Apolipoprotein A-I (apoA-I) and CEC significantly increased by 4.0% and 9.4%, respectively, in the CR group, whereas HDL-cholesterol and AREA were not changed during the follow-up periods in both groups. Among CR patients, the CEC significantly increased, irrespective of the different statin treatment, while HDL-cholesterol and apoA-I significantly increased in patients treated with rosuvastatin or pitavastatin. Although CEC and AREA were significantly correlated each other, there is a discordance between CEC and AREA for their correlations with other biomarkers.
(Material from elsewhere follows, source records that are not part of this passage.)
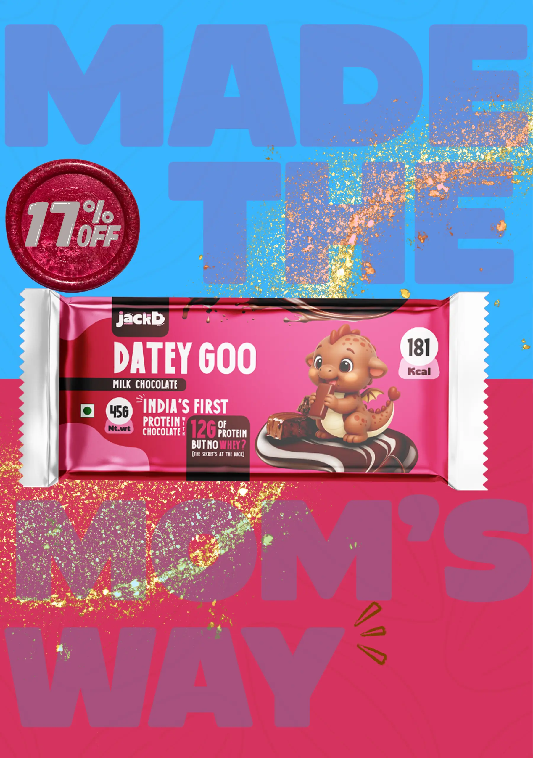 At JackD, we believe chocolate should do more than taste good. It should make you feel good too. Born in a small kitchen filled with laughter, cocoa, and care, JackD was created to bring together strength, kindness, and pure joy in every bite. We use clean, honest ingredients like dates for natural sweetness, creamy milk, rich cocoa, cashew butter, and protein for lasting energy. No palm oil, no refined sugar, no artificial additives. Just real, feel-good fuel that loves you back. Our baby dragon represents who we are at heart: brave, kind, and full of energy.
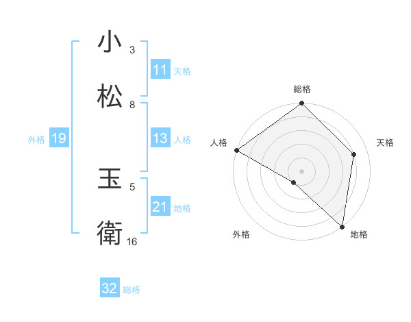 小松 玉衛さんを姓名の画数から五運を鑑定
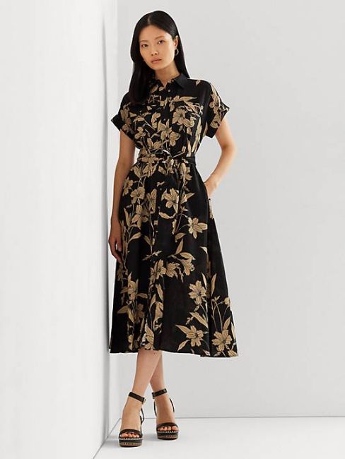 Lauren Ralph Lauren Geometric Print Crepe Flutter Sleeve Midi Dress, Black/Tan.
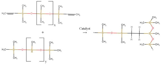 A high-strength, non-shrink silicone compound Pentelast-750 of grade A (New Composite, Saint Petersburg, Russia) was used as a silicone matrix. Pentelast-750 is a two-component compound consisting of component A and component B, which, when mixed, hardens at room temperature according to the following reaction (Figure 1):
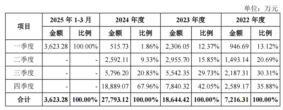 莱普科技的收入存在明显的季节性特征。以2024年为例,一季度收入只有515.73万元,占比仅1.86%,而四季度收入占比则高达67.96%。公司表示,主要是下游客户通常于年初制定资本性支出计划,此后陆续开展采购、安装和验收活动所致。
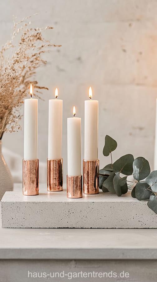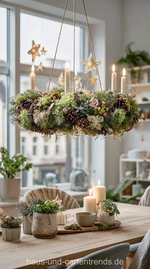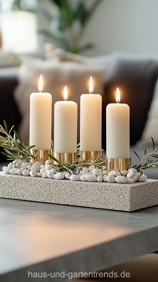 Du suchst nach Inspiration für einen modernen Adventskranz? Hier findest du kreative Ideen, die fernab vom klassischen kreisförmigen Tannengrün sind: Adventskränze auf Metallringen, Kerzen in klaren Glasgefäßen, auf Beton- oder Steinplatten, stilvolle Designs mit Eukalyptus, Trockenblumen und Naturmaterialien. Perfekt für alle, die es schlicht, elegant und zeitgemäß mögen. Ob Skandi-Stil oder edles Minimal-Design – diese Adventskranz-Ideen bringen festliche Stimmung in dein Zuhause und sind gleichzeitig echte Hingucker. 🎄✨
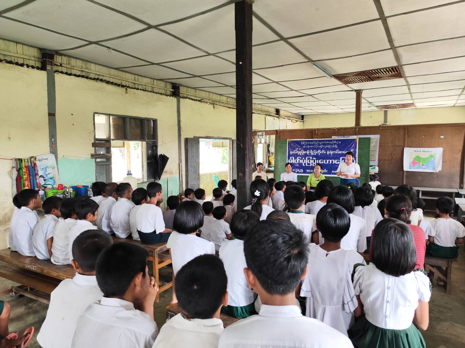 ထို့နောက် ကျောင်းသား/ကျောင်းသူများမှ စာအုပ်စာစောင်များအား စိတ်ပါဝင်စားစွာ ဖတ်ရှုကြပြီးပြသထားသော နံရံကပ်စာစောင်များအား ကျောင်းသား/ကျောင်းသူများက လေ့လာကြည့်ရှုကြကြောင်း သိရသည်။
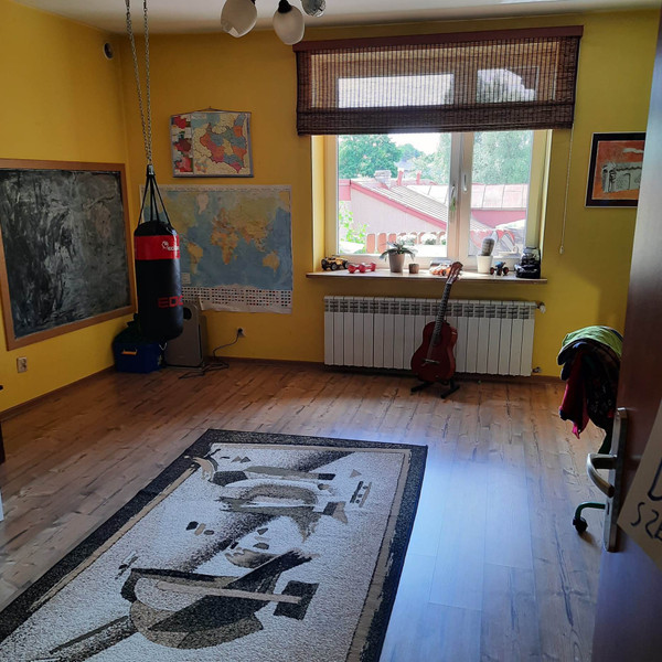 4 pokoje, kuchnia, dwie łazienki. W podpiwniczeniu piwnica, kotłownia, łazienka, toaleta, dwa pomieszczenia do zamieszkania. Możliwość prowadzenia działalności gospodarczej w budynku od strony parku (kawiarenki, sklepu, usług). Brama wjazdowa automatyczna, domofon, na podwórku kostka granitowa.. Możliwość podłączenia gazu z sieci - odległość 1 metr od budynku.
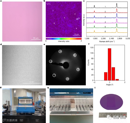 图3. 无折叠石墨烯薄膜的表征。(a&b)无折叠无粘附层石墨烯薄膜的光学图像和ID/IG强度比拉曼成像。(c)不同点的拉曼光谱。(d)无折叠SLG薄膜的原子分辨TEM图像。(e)Cu-Ni(111)箔上无折叠石墨烯薄膜的LEED图案。(f)200个SAED图案取向分布的直方图。(g)6英寸(15厘米)石英管CVD炉系统,用于评估单晶Cu-Ni(111)合金箔上单晶无折叠石墨烯薄膜的可扩展生产。(h)将五片4 cm×7 cm Cu-Ni(111)合金箔挂在石英支架上。(i)在6英寸CVD系统中生长的4 cm×7 cm无折叠单晶石墨烯膜的照片,然后转移到4英寸(10 cm)SiO2/Si晶圆上。

Both CEC and AREA were significantly correlated with apoA-I rather than HDL-cholesterol. Changes in CEC and those in AREA were significantly correlated with those in apoA-I (rho=0.328, p=0.002, and rho=0.428, p<0.0001, respectively) greater than those in HDL-cholesterol (rho=0.312, p= 0.0042,and rho=0.343, p=0.003, respectively).

CONCLUSIONS

CR can improve HDL function, and it is beneficial for secondary prevention.

摘要

目的

我们评估了基于运动的心脏康复(CR)是否可以改善急性冠状动脉综合征(ACS)患者的高密度脂蛋白(HDL)功能,即胆固醇流出能力(CEC)和对氧磷酶-1 活性。

方法

这是一项回顾性分析,使用了经皮冠状动脉介入治疗后成功的 ACS 患者的储存血清。通过使用载脂蛋白 B 耗尽的血清和 H-胆固醇标记的巨噬细胞的体外细胞测定,测量 CEC,并用 arylesterase 活性(AREA)在 ACS 的发病或早期阶段进行评估,比较了 69 例完成五个月门诊 CR 计划(CR 组)和 15 例未参加和/或退出 CR 计划(非 CR 组)的患者。

结果

CR 组中载脂蛋白 A-I(apoA-I)和 CEC 分别增加了 4.0%和 9.4%,而两组的 HDL-胆固醇和 AREA 在随访期间均未发生变化。在 CR 患者中,CEC 显著增加,而不论他汀类药物的不同治疗,而 HDL-胆固醇和 apoA-I 显著增加,在接受瑞舒伐他汀或匹伐他汀治疗的患者中。尽管 CEC 和 AREA 彼此显著相关,但 CEC 和 AREA 与其他生物标志物的相关性存在差异。CEC 和 AREA 与 apoA-I 显著相关,而与 HDL-胆固醇不相关。CEC 和 AREA 的变化与 apoA-I 的变化显著相关(rho=0.328,p=0.002 和 rho=0.428,p<0.0001),大于与 HDL-胆固醇的变化(rho=0.312,p=0.0042 和 rho=0.343,p=0.003)。

结论

CR 可以改善 HDL 功能,有利于二级预防。